Available data:
[Start of Attachment]

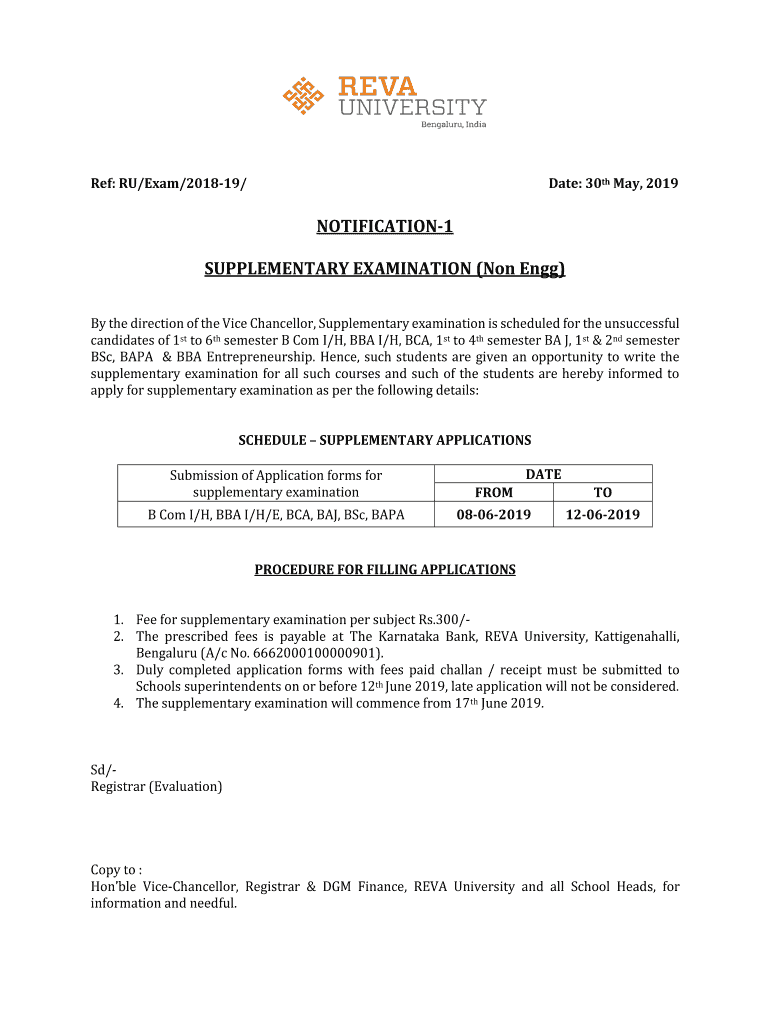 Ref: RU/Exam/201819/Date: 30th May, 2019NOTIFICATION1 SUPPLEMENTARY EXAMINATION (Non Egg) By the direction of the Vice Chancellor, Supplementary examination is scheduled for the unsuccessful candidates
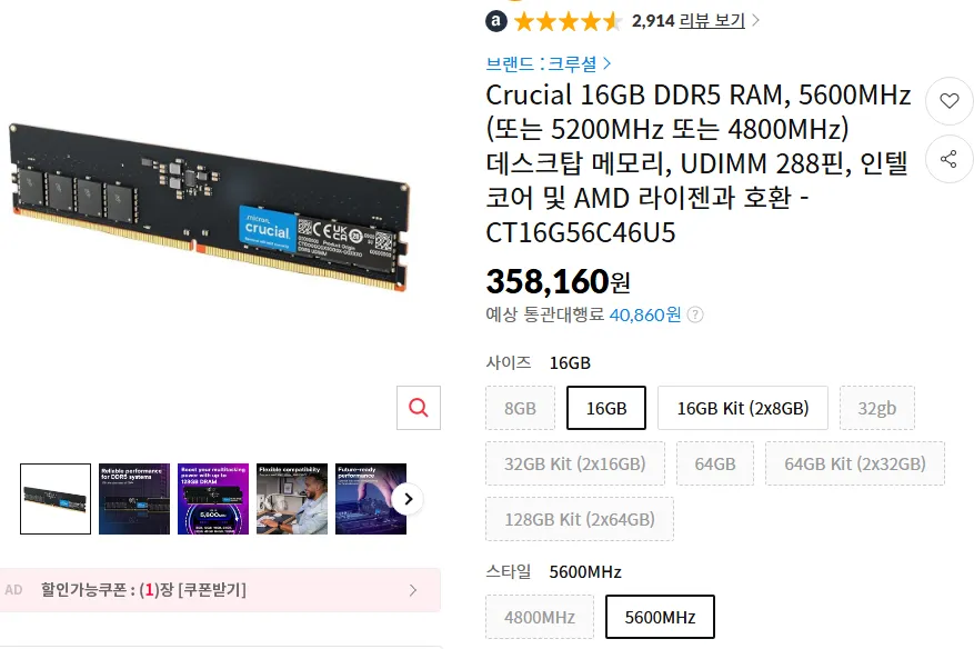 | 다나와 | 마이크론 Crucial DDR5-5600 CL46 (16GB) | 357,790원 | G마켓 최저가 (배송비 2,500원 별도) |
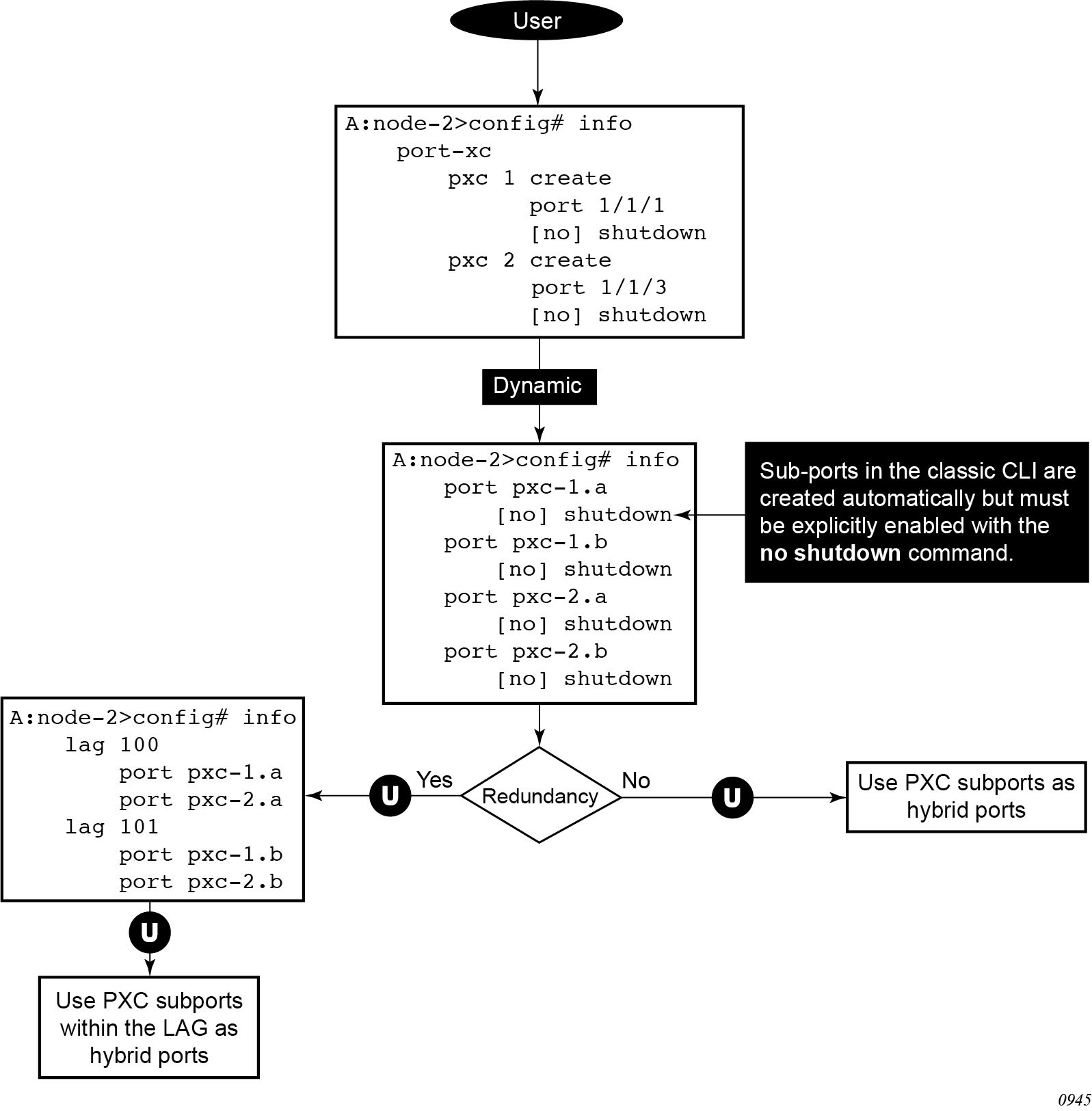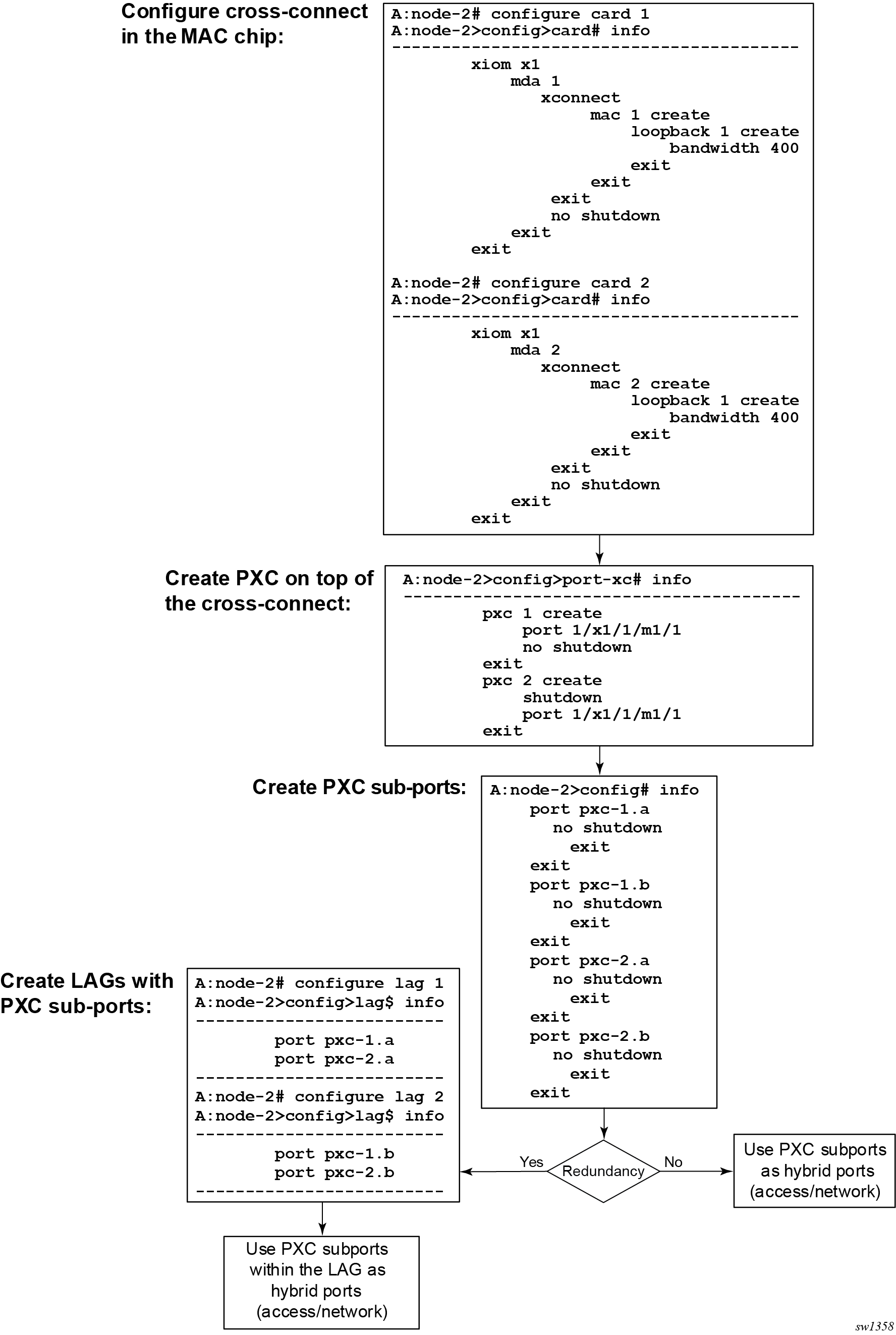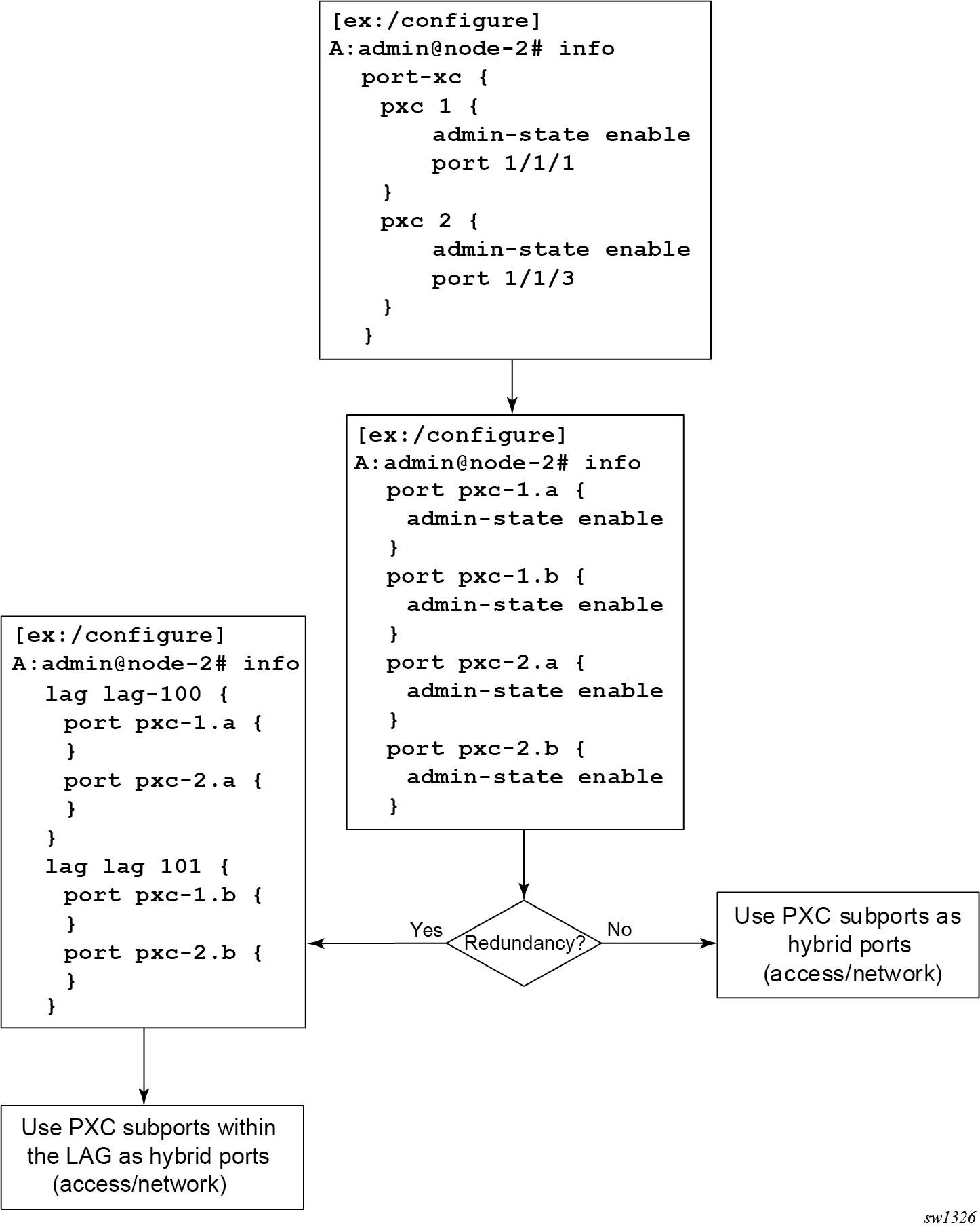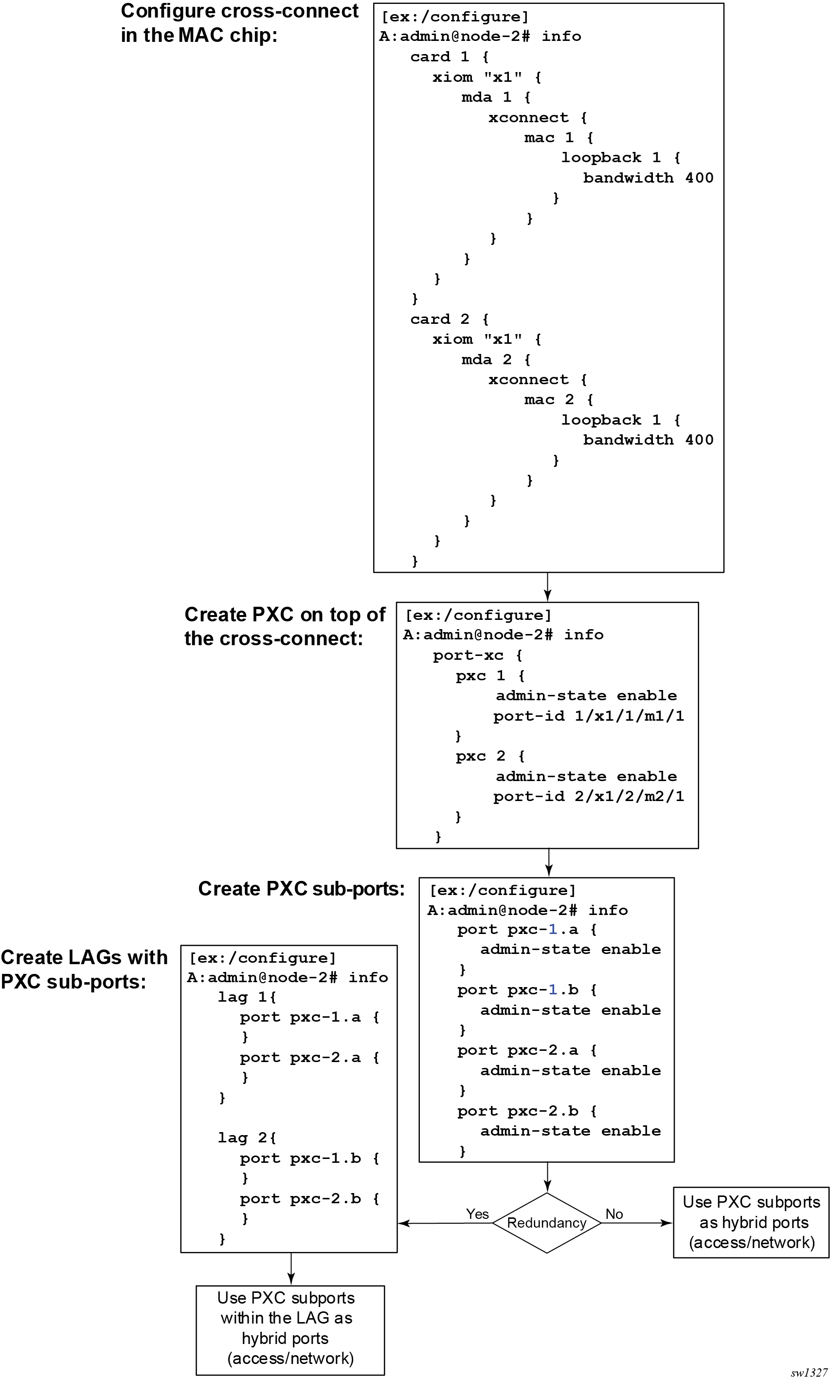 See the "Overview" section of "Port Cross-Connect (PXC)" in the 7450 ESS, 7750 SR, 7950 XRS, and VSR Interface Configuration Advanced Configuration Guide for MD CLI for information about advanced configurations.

[End of Attachment]

Work request: From the line containing "2,500원 별도) |" to the end of the data above, give those lines again verbatim, with both endpoints included and no images.

Result of this task:
 | 다나와 | 마이크론 Crucial DDR5-5600 CL46 (16GB) | 357,790원 | G마켓 최저가 (배송비 2,500원 별도) |
 See the "Overview" section of "Port Cross-Connect (PXC)" in the 7450 ESS, 7750 SR, 7950 XRS, and VSR Interface Configuration Advanced Configuration Guide for MD CLI for information about advanced configurations.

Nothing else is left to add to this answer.